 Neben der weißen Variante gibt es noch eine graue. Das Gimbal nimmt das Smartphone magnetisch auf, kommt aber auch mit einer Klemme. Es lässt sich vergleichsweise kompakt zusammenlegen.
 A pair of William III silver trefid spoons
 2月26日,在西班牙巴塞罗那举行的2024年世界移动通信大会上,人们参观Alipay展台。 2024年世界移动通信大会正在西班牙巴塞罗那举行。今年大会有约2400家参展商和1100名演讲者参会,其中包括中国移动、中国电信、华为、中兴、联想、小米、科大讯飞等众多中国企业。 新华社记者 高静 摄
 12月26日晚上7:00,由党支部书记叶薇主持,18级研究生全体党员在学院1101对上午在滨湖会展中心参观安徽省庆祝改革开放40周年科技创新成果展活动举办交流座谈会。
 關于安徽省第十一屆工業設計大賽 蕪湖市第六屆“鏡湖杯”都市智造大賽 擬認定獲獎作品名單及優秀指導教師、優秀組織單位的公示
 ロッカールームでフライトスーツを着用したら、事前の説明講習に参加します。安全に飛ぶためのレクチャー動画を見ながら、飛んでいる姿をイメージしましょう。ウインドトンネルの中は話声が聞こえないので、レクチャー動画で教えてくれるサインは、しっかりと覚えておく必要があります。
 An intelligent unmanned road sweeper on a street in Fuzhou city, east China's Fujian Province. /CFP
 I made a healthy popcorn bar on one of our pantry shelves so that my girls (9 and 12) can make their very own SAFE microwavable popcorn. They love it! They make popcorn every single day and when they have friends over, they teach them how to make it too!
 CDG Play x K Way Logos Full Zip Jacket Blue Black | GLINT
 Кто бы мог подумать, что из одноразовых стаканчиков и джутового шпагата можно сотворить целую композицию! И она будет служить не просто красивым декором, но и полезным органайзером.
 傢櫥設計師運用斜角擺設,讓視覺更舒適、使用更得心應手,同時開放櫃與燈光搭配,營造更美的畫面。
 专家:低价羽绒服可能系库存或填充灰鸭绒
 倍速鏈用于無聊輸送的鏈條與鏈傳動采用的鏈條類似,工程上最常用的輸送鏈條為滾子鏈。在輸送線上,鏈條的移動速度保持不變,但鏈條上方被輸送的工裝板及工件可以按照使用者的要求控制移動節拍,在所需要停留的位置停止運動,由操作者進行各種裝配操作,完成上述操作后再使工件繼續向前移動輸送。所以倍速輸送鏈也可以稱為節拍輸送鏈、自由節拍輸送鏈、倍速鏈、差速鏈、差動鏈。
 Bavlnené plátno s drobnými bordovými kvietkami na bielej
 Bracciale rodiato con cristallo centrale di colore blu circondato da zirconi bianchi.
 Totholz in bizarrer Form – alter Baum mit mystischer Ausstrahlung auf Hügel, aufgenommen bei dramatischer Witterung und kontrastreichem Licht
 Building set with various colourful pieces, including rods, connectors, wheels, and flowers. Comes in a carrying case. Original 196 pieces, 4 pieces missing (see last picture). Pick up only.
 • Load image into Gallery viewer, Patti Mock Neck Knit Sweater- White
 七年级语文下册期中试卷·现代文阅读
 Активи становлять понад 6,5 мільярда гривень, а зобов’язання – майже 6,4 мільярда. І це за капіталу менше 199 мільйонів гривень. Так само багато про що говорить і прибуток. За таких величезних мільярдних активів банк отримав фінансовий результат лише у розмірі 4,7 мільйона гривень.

### Problem details
Nothing is to be altered; retype each entry exactly.

### Answer for the task
 Neben der weißen Variante gibt es noch eine graue. Das Gimbal nimmt das Smartphone magnetisch auf, kommt aber auch mit einer Klemme. Es lässt sich vergleichsweise kompakt zusammenlegen.
 A pair of William III silver trefid spoons
 2月26日,在西班牙巴塞罗那举行的2024年世界移动通信大会上,人们参观Alipay展台。 2024年世界移动通信大会正在西班牙巴塞罗那举行。今年大会有约2400家参展商和1100名演讲者参会,其中包括中国移动、中国电信、华为、中兴、联想、小米、科大讯飞等众多中国企业。 新华社记者 高静 摄
 12月26日晚上7:00,由党支部书记叶薇主持,18级研究生全体党员在学院1101对上午在滨湖会展中心参观安徽省庆祝改革开放40周年科技创新成果展活动举办交流座谈会。
 關于安徽省第十一屆工業設計大賽 蕪湖市第六屆“鏡湖杯”都市智造大賽 擬認定獲獎作品名單及優秀指導教師、優秀組織單位的公示
 ロッカールームでフライトスーツを着用したら、事前の説明講習に参加します。安全に飛ぶためのレクチャー動画を見ながら、飛んでいる姿をイメージしましょう。ウインドトンネルの中は話声が聞こえないので、レクチャー動画で教えてくれるサインは、しっかりと覚えておく必要があります。
 An intelligent unmanned road sweeper on a street in Fuzhou city, east China's Fujian Province. /CFP
 I made a healthy popcorn bar on one of our pantry shelves so that my girls (9 and 12) can make their very own SAFE microwavable popcorn. They love it! They make popcorn every single day and when they have friends over, they teach them how to make it too!
 CDG Play x K Way Logos Full Zip Jacket Blue Black | GLINT
 Кто бы мог подумать, что из одноразовых стаканчиков и джутового шпагата можно сотворить целую композицию! И она будет служить не просто красивым декором, но и полезным органайзером.
 傢櫥設計師運用斜角擺設,讓視覺更舒適、使用更得心應手,同時開放櫃與燈光搭配,營造更美的畫面。
 专家:低价羽绒服可能系库存或填充灰鸭绒
 倍速鏈用于無聊輸送的鏈條與鏈傳動采用的鏈條類似,工程上最常用的輸送鏈條為滾子鏈。在輸送線上,鏈條的移動速度保持不變,但鏈條上方被輸送的工裝板及工件可以按照使用者的要求控制移動節拍,在所需要停留的位置停止運動,由操作者進行各種裝配操作,完成上述操作后再使工件繼續向前移動輸送。所以倍速輸送鏈也可以稱為節拍輸送鏈、自由節拍輸送鏈、倍速鏈、差速鏈、差動鏈。
 Bavlnené plátno s drobnými bordovými kvietkami na bielej
 Bracciale rodiato con cristallo centrale di colore blu circondato da zirconi bianchi.
 Totholz in bizarrer Form – alter Baum mit mystischer Ausstrahlung auf Hügel, aufgenommen bei dramatischer Witterung und kontrastreichem Licht
 Building set with various colourful pieces, including rods, connectors, wheels, and flowers. Comes in a carrying case. Original 196 pieces, 4 pieces missing (see last picture). Pick up only.
 • Load image into Gallery viewer, Patti Mock Neck Knit Sweater- White
 七年级语文下册期中试卷·现代文阅读
 Активи становлять понад 6,5 мільярда гривень, а зобов’язання – майже 6,4 мільярда. І це за капіталу менше 199 мільйонів гривень. Так само багато про що говорить і прибуток. За таких величезних мільярдних активів банк отримав фінансовий результат лише у розмірі 4,7 мільйона гривень.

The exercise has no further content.